Regierung stellt Interessen der Wirtschaft vor jene der ArbeitnehmerInnen

Wien (ÖGB). Massive Kritik übt ÖGB-Präsident Fritz Verzetnitsch am heute vom Ministerrat beschlossenen EU-Nachtarbeits-Anpassungsgesetz. "Minister Bartenstein hat offensichtlich wieder einmal nur seine Funktion als Wirtschaftsminister wahrgenommen. Der Gesundheitsaspekt und die sozialen Rechte der ArbeitnehmerInnen wurden hintangestellt", sagte Verzetnitsch. Hauptkritikpunkt des ÖGB: In der Regierungsvorlage sind keine Zeitguthaben zum Ausgleich der besonderen Belastungen bei Nachtarbeit vorgesehen.++++

"Die Aufhebung des generellen Frauennachtarbeitsverbots hätte dazu genützt werden sollen, ausreichende Schutzmaßnahmen für alle Nachtarbeitenden - Frauen und Männer - zu setzen", kritisiert Verzetnitsch. Denn Nachtarbeit führt häufig zu gesundheitlichen Beeinträchtigungen. Die häufigsten Probleme sind Schlafstörungen, Erkrankungen des Verdauungsapparates und Herz-Kreislauf-Probleme.
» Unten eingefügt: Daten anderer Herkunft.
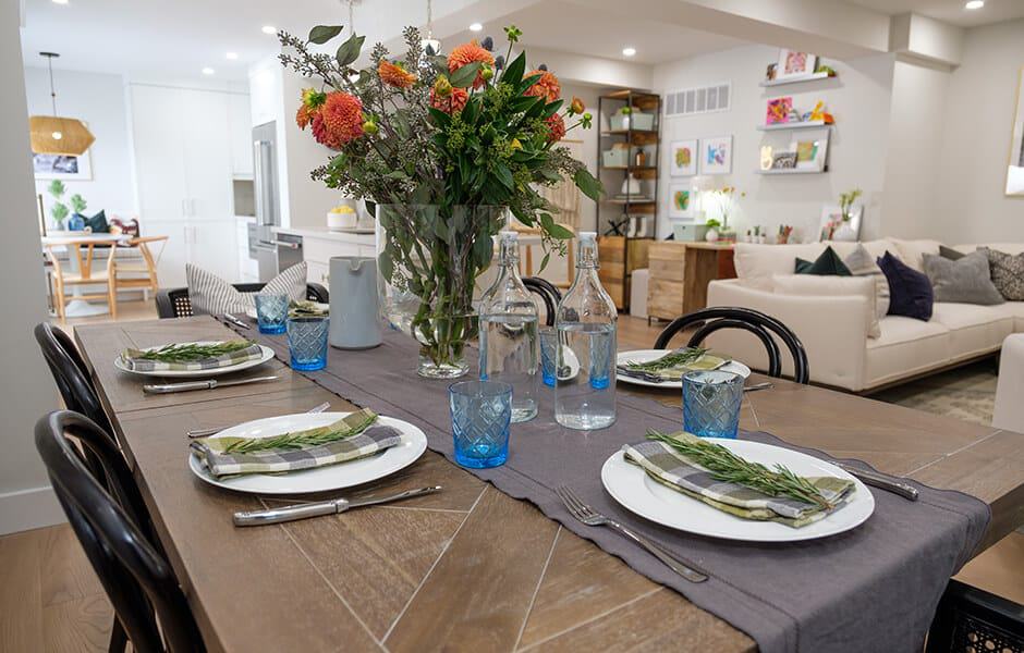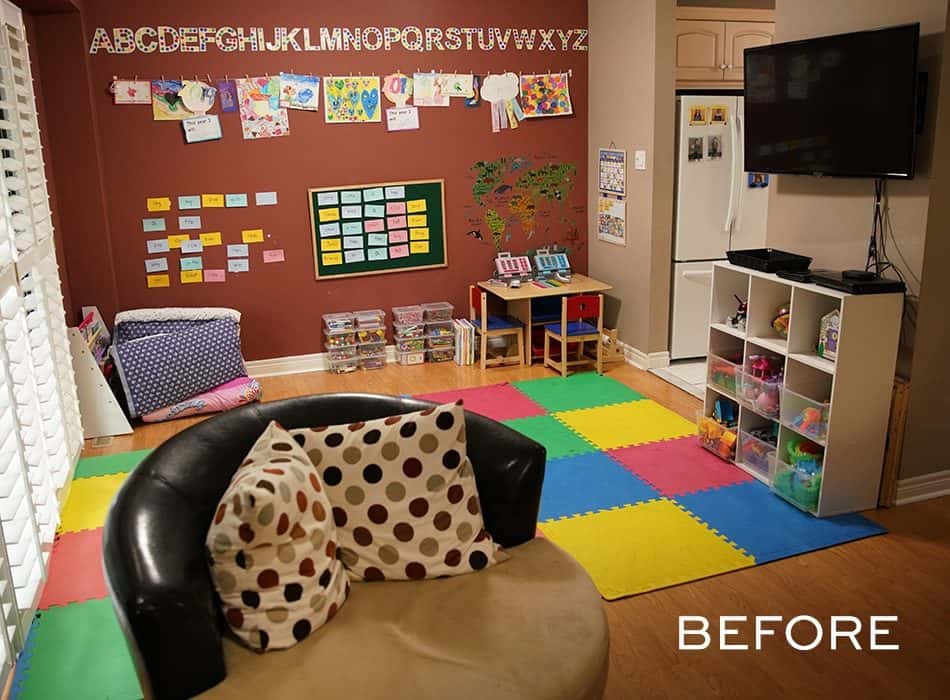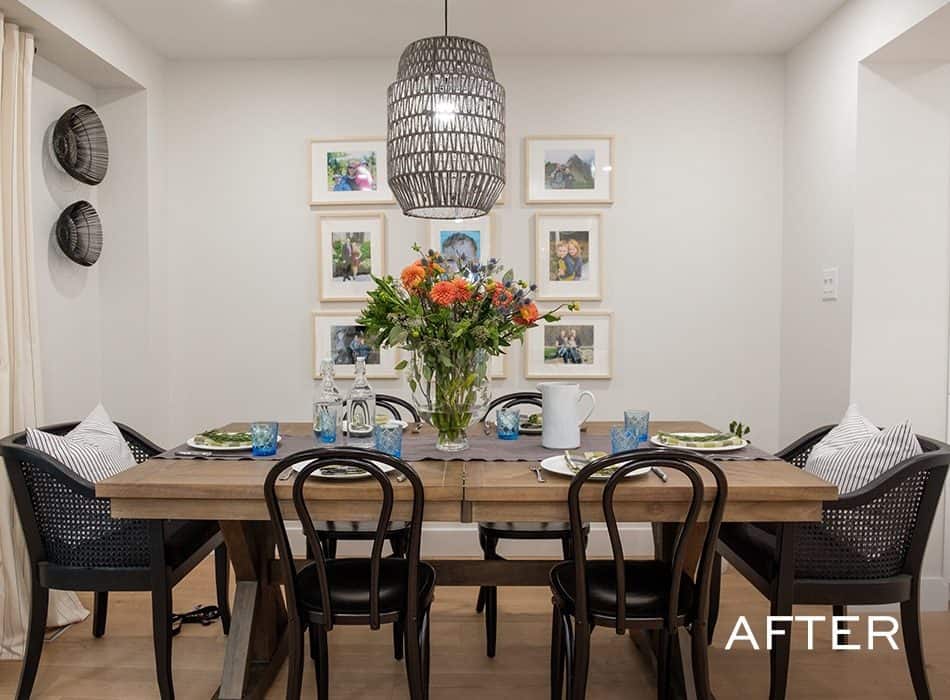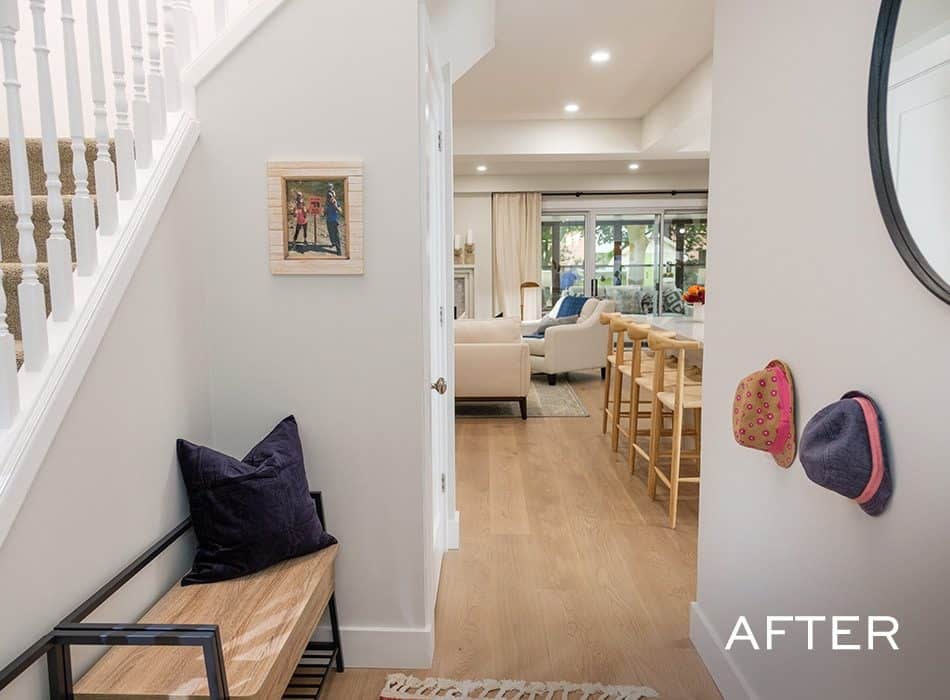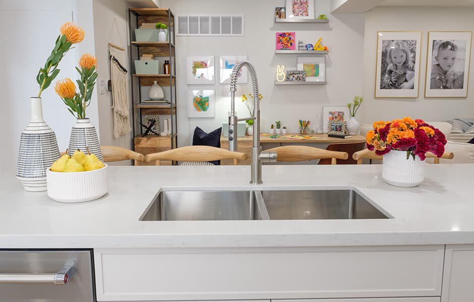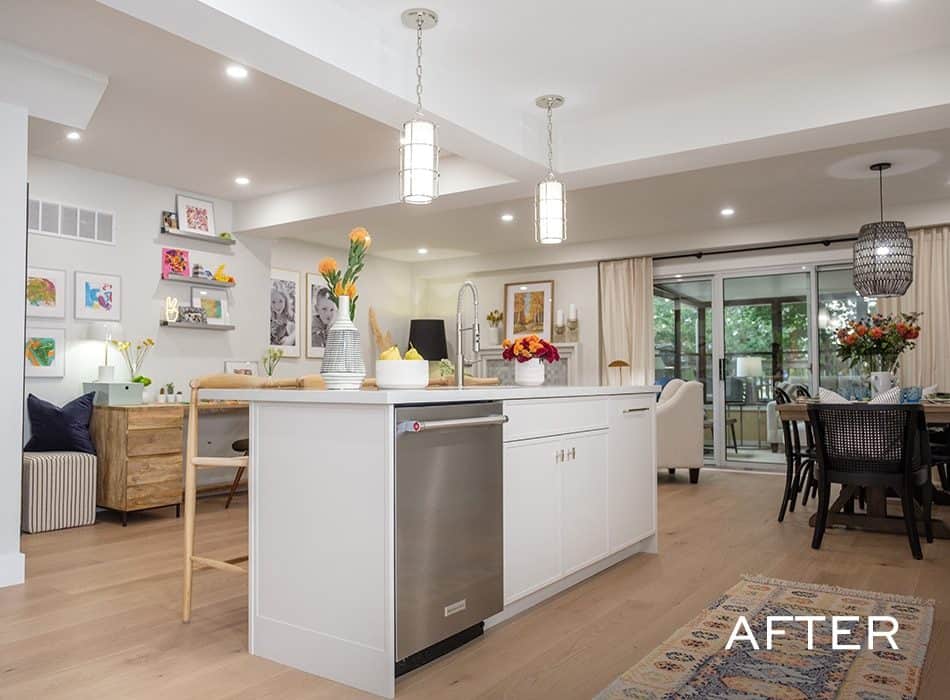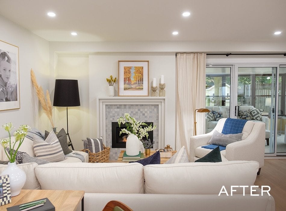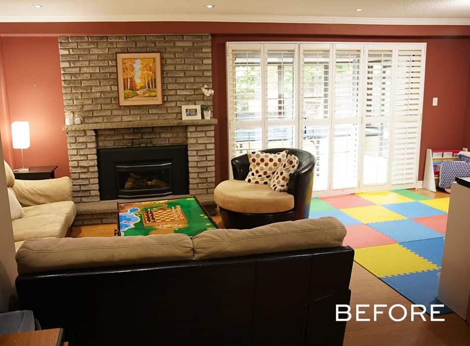Michelle and Brian’s forever home has been in their family for 20 years: 10 years with Michelle’s mom, and now 10 years with Michelle and Brian, who added twins to the happy family. After two decades, it was time for a little more space and a lot of updates. We got to work opening sight lines and adding storage to the kitchen and dining room while tackling a beast of a fireplace in the living room. And, despite Drew’s misgivings, we moved the ping pong table to the basement and made the sunroom into a comfortable seating area.

Schon jetzt leiden 39 Prozent der nachtarbeitenden Männer und 60 Prozent der Frauen unter gesundheitlichen Probleme.

ÖGB fordert zehnprozentiges Zeitguthaben

"Die Minimalvariante, die die Regierung zur Anpassung an EU-Bestimmungen nun beschlossen hat, sieht keinen Ausgleich für die besonderen Belastungen der NachtarbeiterInnen vor", sagt Verzetnitsch. Konkret fordert der ÖGB ein zehnprozentiges Zeitguthaben für jede Stunde Nachtarbeit, das der Erholung dient und nicht mit Geld abgekauft werden kann.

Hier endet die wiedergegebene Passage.